What makes a hero in movies and books wonderful to the point your toes curl?
The short answer is he over comes adversity. He’s put into a situation where the easiest path is to give up, but there is something inside him that drives him on, to continue even when others gives up. So while the odds are against him, he would rather fail doing something that is right or something he believes than never try at all. Heroes have hope when all others have no hope.
That type of hero turns my head and heats my blood right up. Wowser! Someone I might never would have thought was attractive suddenly has me salivating.
The longer answer depends on which hero draws you in. You have the flawed characters, redeemed by either love or their own drive. The superheroes, obviously. You have the unsung heroes, the unknown heroes, the regular guy heroes. The heroes of unusual size. Frodo anyone? Die Hard gave us John McClane, a balding middle aged guy who wasn’t the Fabio cover model, but his strength and perseverance made him super sexy. And some might argue with me about this but Christian Bale’s performance in The Machinist was such a flawed person that his redemption at the end turned him into someone that opened our own eyes to our flaws.

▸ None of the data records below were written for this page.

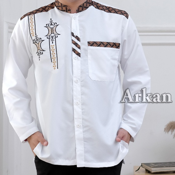 Baju Kemeja Koko Pria Dewasa Lengan Panjang Koko Bordil Kombinasi Batik M L XL XXL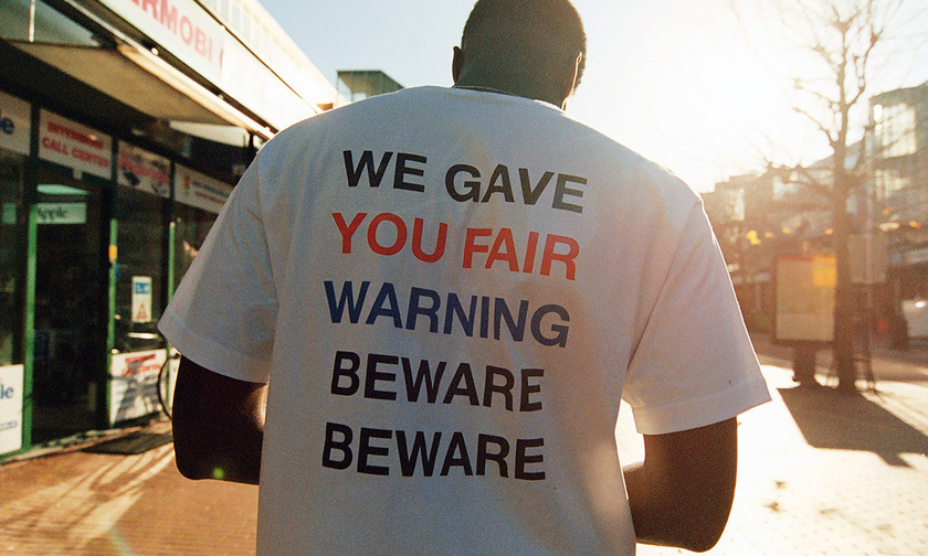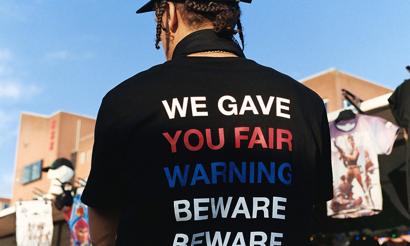 所有单品都融入了“We gave you fair warning, beware, beware”字样创意元素。黑白色调打底,搭配红蓝细节,单品设计虽简单,但街头不羁感十足。
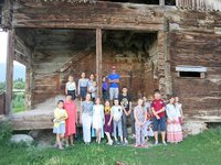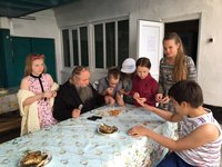 Дорога на Светлый мыс была недолгой. По приезду нас встретила руководитель Детского дома Гульнара, которая для всех его обитателей просто мама. Сейчас там 18 детей, все выпускники имеют высшее образование, работают, женятся и выходят замуж. У Гульнары уже 20 внуков. Сначала мы зашли в часовню в честь Иконы Божией Матери "Одигитрия", сохранившейся здесь с тех времён, когда был монастырь. Ей уже сто лет. Поклонились иконам, посмотрели редкие фотографии старых лет, фото насельников монастыря. Затем ребята из детского дома провели для нас экскурсию. У них хозяйство: коровы, овцы, кони, кролики, куры, собаки и кошки. Мы гуляли по невероятно красивым местам, где горы отражаются в озере, плещется рыба, трава, как в песне, по пояс, огромные деревья и синее-синее небо. В завершении экскурсии мы подошли к старинной мельнице, построенной без единого гвоздя, которую ребята из детского дома уже потихоньку начинают реставрировать.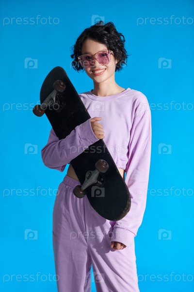 Веселая девочка-подросток держит скейтборд

Of course, seeing the eye candy heroes on screen is nothing to sneeze at. What red-blooded heterosexual woman didn’t backtrack every time Thor’s chest was bare? Or the desperate kiss Aragorn gives to Arwen? Or Channing Tatum’s ass? Just to make a side note here, I actually did a little research for variety for this blog and there’s a website titled Hot Men of Hollywood (on tumblr) that I got a little distracted by. Perhaps I’m a little shallow for my own personal type of hero. (wink, wink)
Heroes between the pages aren’t that much different than their counterparts on screen, except instead of visual we have to use our imagination. In my opinion, that’s a little bit sexier because we can incorporate our own fantasy man into the scenario. My favorite literary heroes are the men who start off as shallow or cold and become better men through love. Lisa Kleypas writes these types of heroes awesomely (is that a word?). My favorites: Sebastian, Lord St. Vincent from Devil in Winter & Nickolas from Prince of Dreams.
Then again, sometimes the anti-hero is the best type of hero. Spike from "Bufffy" was a great anti-hero.
Call me crazy, but I always loved the bad boy, the not-quite-sterling-hero. My first crush was a cartoon character named Jason from Battle of the Planet, a Japanese animation brought over to the US in the late 70’s, early 80’s. And there was Han Solo, of course. Forget Luke. I would even root for some of the secondary characters in books, like Ramsey O’Keefe in Amy J. Fetzer’s My Timeswept Heart.
Writing a bad boy is a delicate balance of keeping that heart of gold while at the same time having him make terrible choices. I want my reader to want to reach into the book and shake him silly. In my book Dreamland, Dicen Burke is one such character. He’s a rock star that crashes down to Earth when he overdoses. While in a coma, he travels to 1927 and meets Juliet, who makes him realize that he has to confront his demons. Luckily, he wises up without losing what made him so appealing to begin with. If the readers love him and hate him (at times), well then, I’ve done my job.